### THE RECORDS
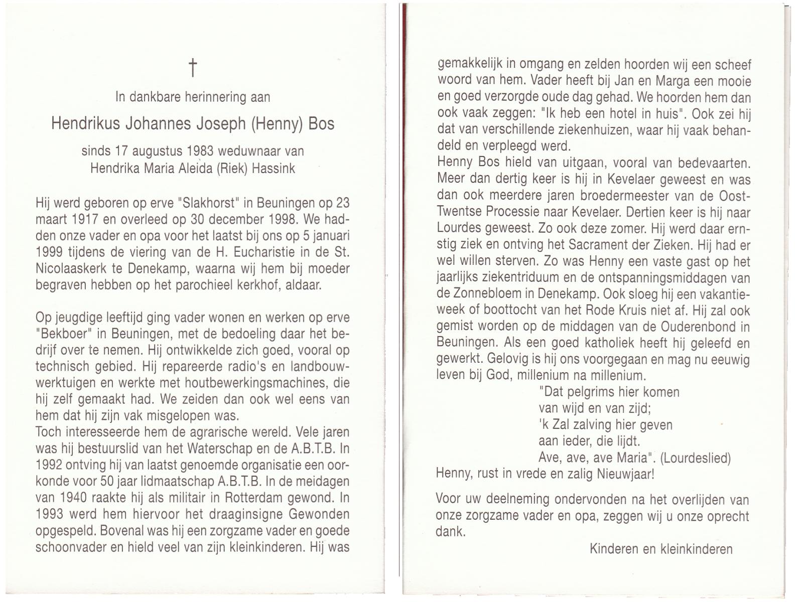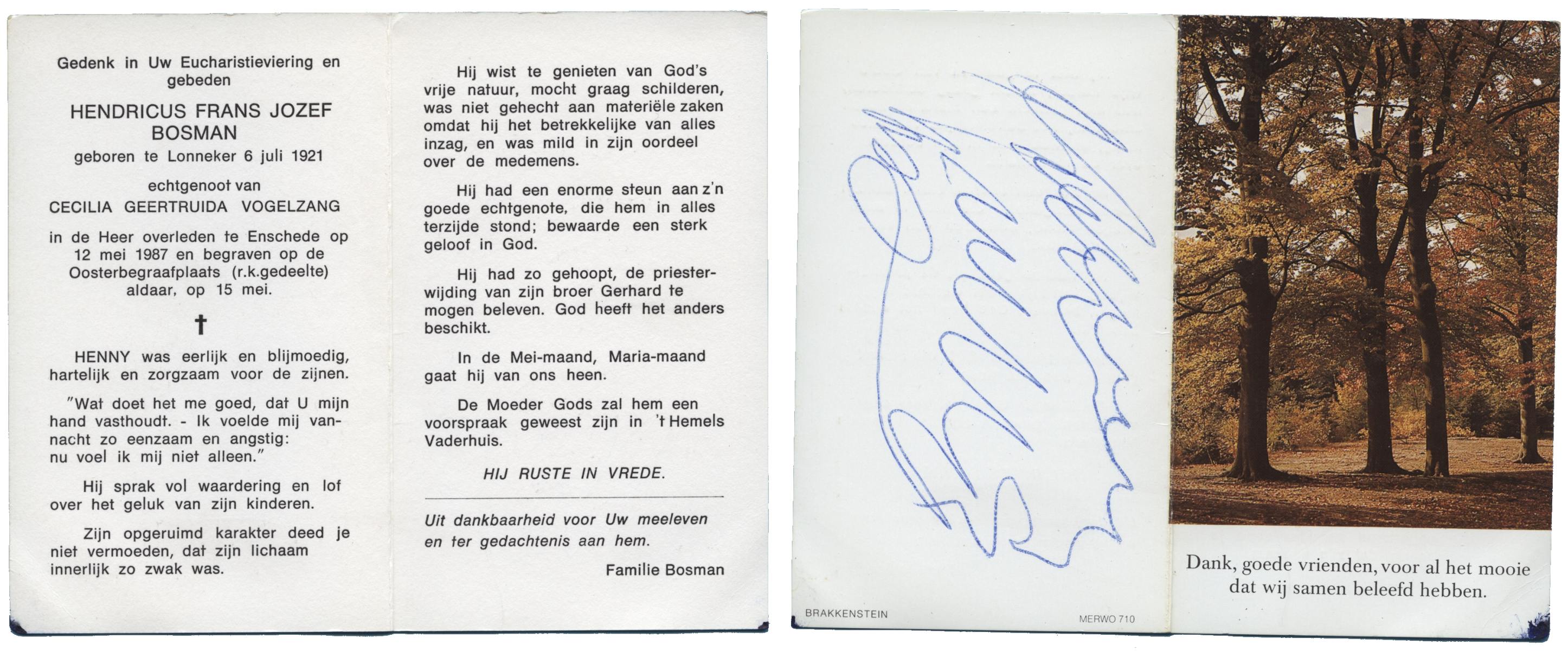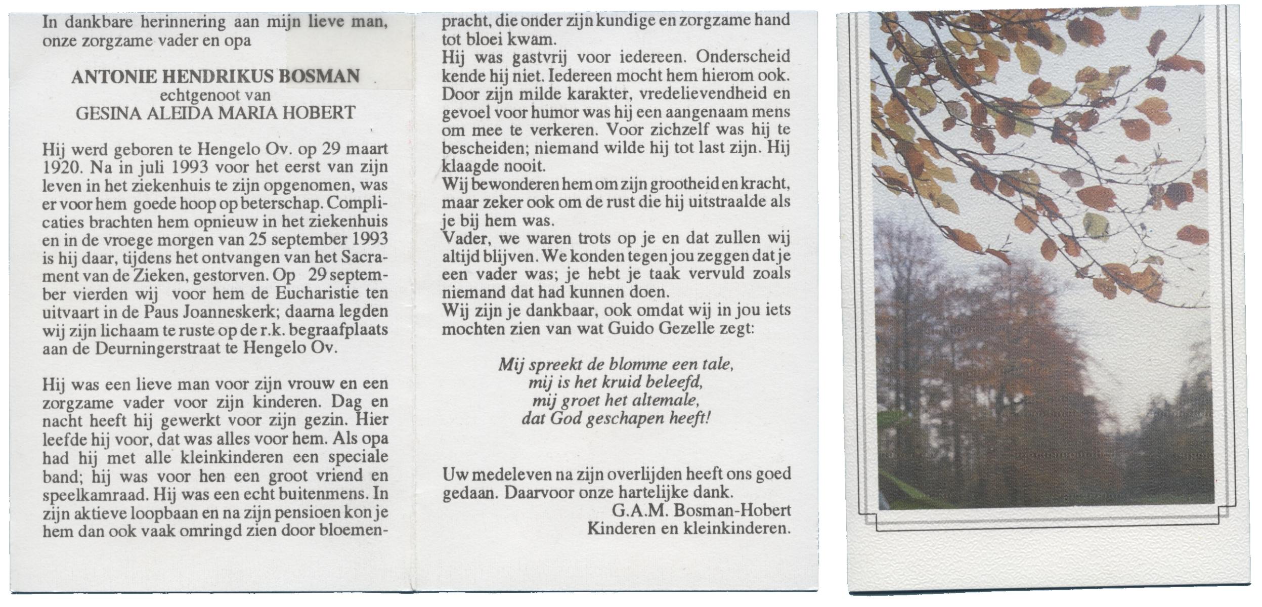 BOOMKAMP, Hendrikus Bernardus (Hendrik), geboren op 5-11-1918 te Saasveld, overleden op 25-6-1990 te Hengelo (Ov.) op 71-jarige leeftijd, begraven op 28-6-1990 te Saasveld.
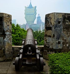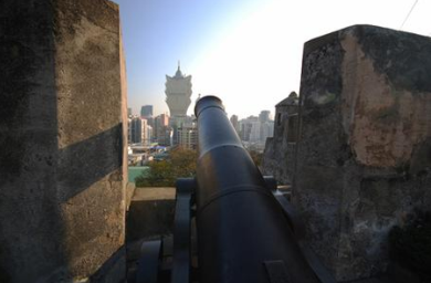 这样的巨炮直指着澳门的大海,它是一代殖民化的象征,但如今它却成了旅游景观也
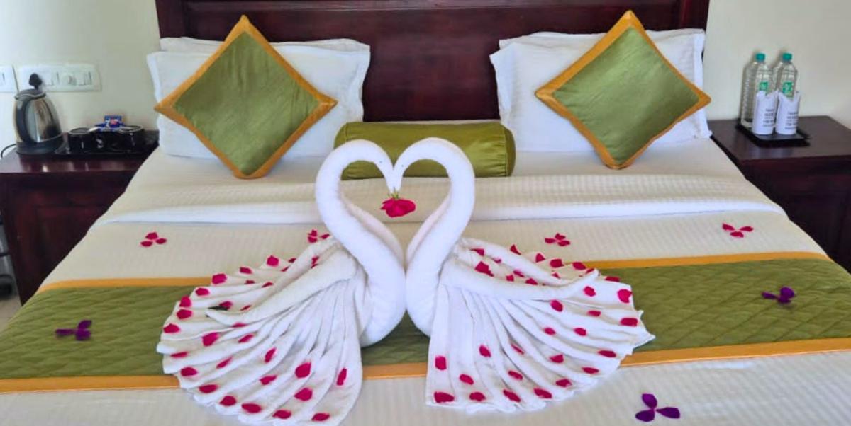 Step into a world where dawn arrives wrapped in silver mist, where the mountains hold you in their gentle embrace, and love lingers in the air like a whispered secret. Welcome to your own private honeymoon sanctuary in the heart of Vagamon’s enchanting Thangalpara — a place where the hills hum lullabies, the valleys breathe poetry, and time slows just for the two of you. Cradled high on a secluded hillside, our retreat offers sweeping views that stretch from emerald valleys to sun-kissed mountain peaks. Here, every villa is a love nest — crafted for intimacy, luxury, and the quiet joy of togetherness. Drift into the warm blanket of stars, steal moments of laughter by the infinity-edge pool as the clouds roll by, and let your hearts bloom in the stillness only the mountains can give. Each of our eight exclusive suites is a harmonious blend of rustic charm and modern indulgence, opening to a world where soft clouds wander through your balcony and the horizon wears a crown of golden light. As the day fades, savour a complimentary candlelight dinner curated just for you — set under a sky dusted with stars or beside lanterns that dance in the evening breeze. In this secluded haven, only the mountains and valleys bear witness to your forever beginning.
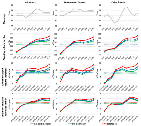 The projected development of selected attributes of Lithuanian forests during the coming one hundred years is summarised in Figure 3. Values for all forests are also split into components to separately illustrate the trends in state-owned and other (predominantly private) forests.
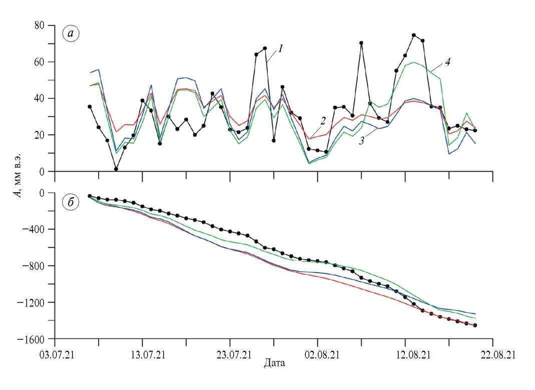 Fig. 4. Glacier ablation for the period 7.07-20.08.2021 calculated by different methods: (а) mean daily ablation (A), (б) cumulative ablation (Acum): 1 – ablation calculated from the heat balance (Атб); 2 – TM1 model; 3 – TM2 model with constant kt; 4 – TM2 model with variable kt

### WORK INSTRUCTION
Once the line containing "这样的巨炮直指着澳门的大海,它是一代殖民化的象征,但如今它却成了旅游景观也" has been located, transcribe exactly and only every line from the first line of the entries through it, excluding pictures.

### TASK ANSWER
 BOOMKAMP, Hendrikus Bernardus (Hendrik), geboren op 5-11-1918 te Saasveld, overleden op 25-6-1990 te Hengelo (Ov.) op 71-jarige leeftijd, begraven op 28-6-1990 te Saasveld.
 这样的巨炮直指着澳门的大海,它是一代殖民化的象征,但如今它却成了旅游景观也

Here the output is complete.